The ``load`` statement can happen after Apps are defined but must occur before tasks are started.
Loading the Config object within context manager like ``with`` is recommended
for implicit cleaning of DFK on exiting the context manager.

The :class:`~parsl.config.Config` object may not be used again once loaded.
Consider a configuration function if the application will shut down and re-launch the DFK.

.. code-block:: python

    from parsl.config import Config
    import parsl

    def make_config() -> Config:
        return Config(...)

    with parsl.load(make_config()):
        # Your workflow here

    # Section which does not require Parsl

    with parsl.load(make_config()):
        # Another workflow here


Config Options
--------------

Options for the :class:`~parsl.config.Config` object apply to Parsl's general behavior
and affect all executors.
Common options include:

- ``run_dir`` for setting where Parsl writes log files
- ``retries`` to restart failed tasks
- ``usage_tracking`` to help Parsl `by reporting how you use it <../advanced/usage_tracking.html>`_

Consult the :py:class:`API documentation for Config <parsl.config.Config>`
or the `advanced documentation <../advanced/index.html>`_ to learn about options.

.. _config-multiple:

Multiple Executors
------------------

A single application can configure multiple executors.

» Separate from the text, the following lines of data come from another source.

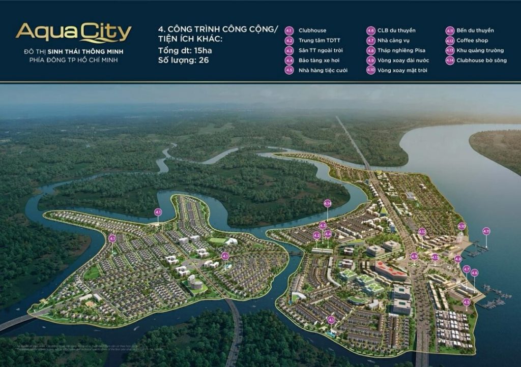 Aqua City Biên Hòa là khu đô thị sinh thái mang lại không gian sống xanh ven sông Đồng Nai. Hệ thống tiện ích nghỉ dưỡng tại đây như, khu thương mại, Club house, hồ bơi. Đặc biệt bến du thuyền tại sông Đồng Nai, cư dân Aqua City có thể trải nghiệm cuộc sống đẳng cấp tại đây. Hệ thống trường mẫu giáo, trường cấp hai tại đây cũng được chú trọng. Khu vui chơi trẻ em, công viên cây xanh…
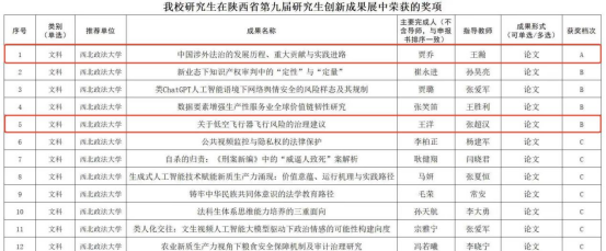 2025年7月10日,陕西省教育厅、省学位委员会公布了陕西省第九届研究生创新成果展奖项评选结果,经学校申报、形式审查、专家评议与会议审议,性爱直播博士研究生贾乔论文成果《中国涉外法治的发展历程、重大贡献与实践进路》荣获A档奖项,指导教师为王瀚教授;硕士研究生王洋论文成果《关于低空飞行器飞行风险的治理建议》荣获B档奖项,指导教师为张超汉教授。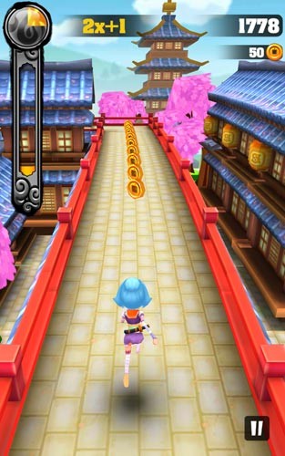 3、操控蓝发女孩在红色栏杆石桥奔跑,避开黑色武士障碍,收集灯笼和樱花,左上角能量条显示1x+0倍数。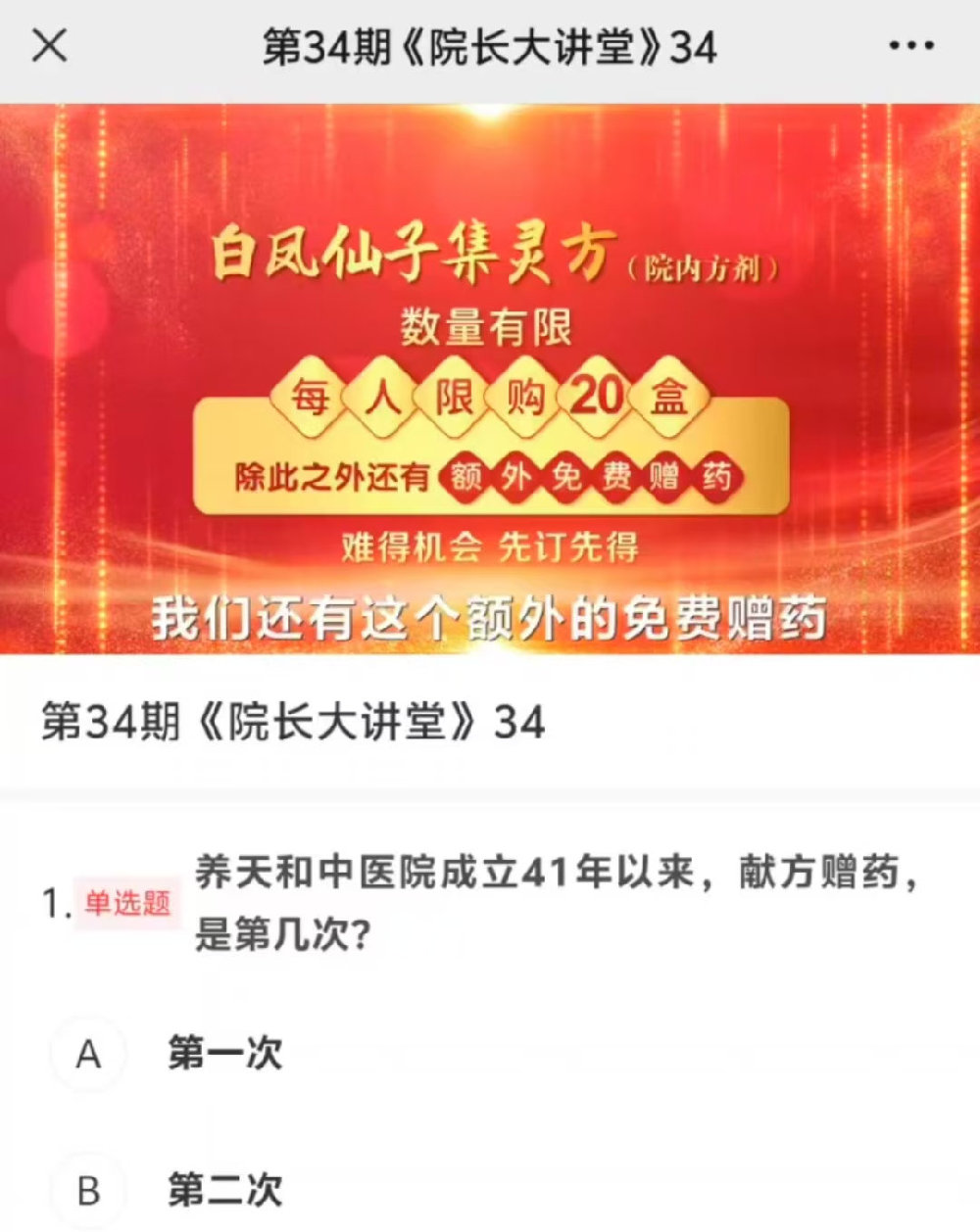 養(yǎng)天和通過(guò)免費(fèi)聽(tīng)專(zhuān)家講座的方式吸引中老年人入群,并在群內(nèi)播放提前錄制好的醫(yī)療廣告。廣告中宣稱(chēng)養(yǎng)天和醫(yī)院成立41年,但實(shí)際上該公司是在2016年3月份才注冊(cè)成立的。這種虛假宣傳行為嚴(yán)重誤導(dǎo)了消費(fèi)者,損害了市場(chǎng)公平競(jìng)爭(zhēng)的環(huán)境。

All executors define a ``label`` field that is used
route to specific workers.
All types of apps include a ``executors`` option which takes
a list of executor labels.
For example, tasks from the following App will only run on an executor labelled "frontera_htex".

.. code-block:: python

    @python_app(executors=['frontera_htex'])
    def single_threaded_task(x: int):
        return x * 2 + 1


Consider using multiple executors in the following cases:

- *Different resource requirements between tasks*, such as a workflow
  with a simulation stage that runs on the CPU nodes of an HPC system
  followed by an analysis and visualization stage that runs on GPU nodes.
- *Different scales between workflow stages*, such as a workflow
  with a "fan-out" stage of many long running running on a cluster
  and quick "fan-in" computations which can run on fewer nodes.